Нет, жалко их, конечно. Они по парку, которые так себе, не очень психи, гуляют…Я за деревом стояла, смотрела. Дедушка один ведёт старушку, за плечи тощие её обнимает, а она словно что-то в воздухе ловит и ему дарит. Улыбается…

Я потом ревела. Из-за них и из-за себя. Представляла же себе на будущее: осенний парк, листья жёлтые сыплются, а мы с мужем, старенькие уже, идём тихонечко, такие совсем прозрачные, о жизни разговариваем… Шарк, шарк…

Только этого никогда не будет. Потому что у одних всё в жизни нормально, а у кого-то вот так, как у меня…

Стоп! Про "не так" - это в конце. Сейчас только начало.

Самарин лихо раскрыл скобки, скрипя мелом, накарябал корень и с победным видом повернулся лицом к классу.

- Всё, Карин Геннадьна!

- Нет, дружочек, не всё! Ровно половину потерял.

- Не, вы чо! Вот же икс! Какая половина? Нормальный корень! Х = 20! Во! Смотрите, какой круглый корень!

Класс захихикал. Карина подошла к Самарину вплотную и, спустив на нос очки, сказала совсем без улыбки:

- Самарин, ты отрыл круглый корень, а нам нужен квадратный! Квад-рат-ный! Я тебе, Самарин, не анекдот рассказываю, а даю очень добротную подсказку. Улавливаешь?

- Неа…

Самарин, конечно, ответил - дурак дураком. "Неа!" Естественно, все покатились.

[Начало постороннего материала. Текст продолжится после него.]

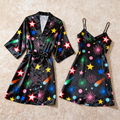 Star-shaped Printed Satin Robe & Slip Nightgown Set

Карина - она вообще-то строгая, но какая-то своя. Вот, например, биологичка, Елена Юрьевна, та со всеми сюси-пуси, но я когда в глаза ей смотрю, вижу, что там, внутри, ей всё безраз… Пофиг ей всё! И мы в особенности. А сюсюкает - это такой способ самосохранения. Можно, конечно, орать, но тогда на работу совсем не захочется… Зачем такие в училки идут? Покомандовать? Наверное, представляла раньше, что в класс явится, а там все - прыг в стоечку: "Здрав-ствуй-те, Е-ле-на Юрь-ев-на!" Ну и, конечно, в журнал оценки ставить - это да-а-а!.. Глаза выдают, не то, что у Карины. Та - кремень. И весёлая.

Так, это я опять отвлеклась. В общем, Самарин тупо уставился на уравнение.

- Так вот же…

- Что "вот"?

- Корень вот.

- Один?

- Ну!..

- Да, друг Самарин. Понятие квадратного уравнения в твоей голове не укоренилось. Несмотря на мою настойчивую подсказку.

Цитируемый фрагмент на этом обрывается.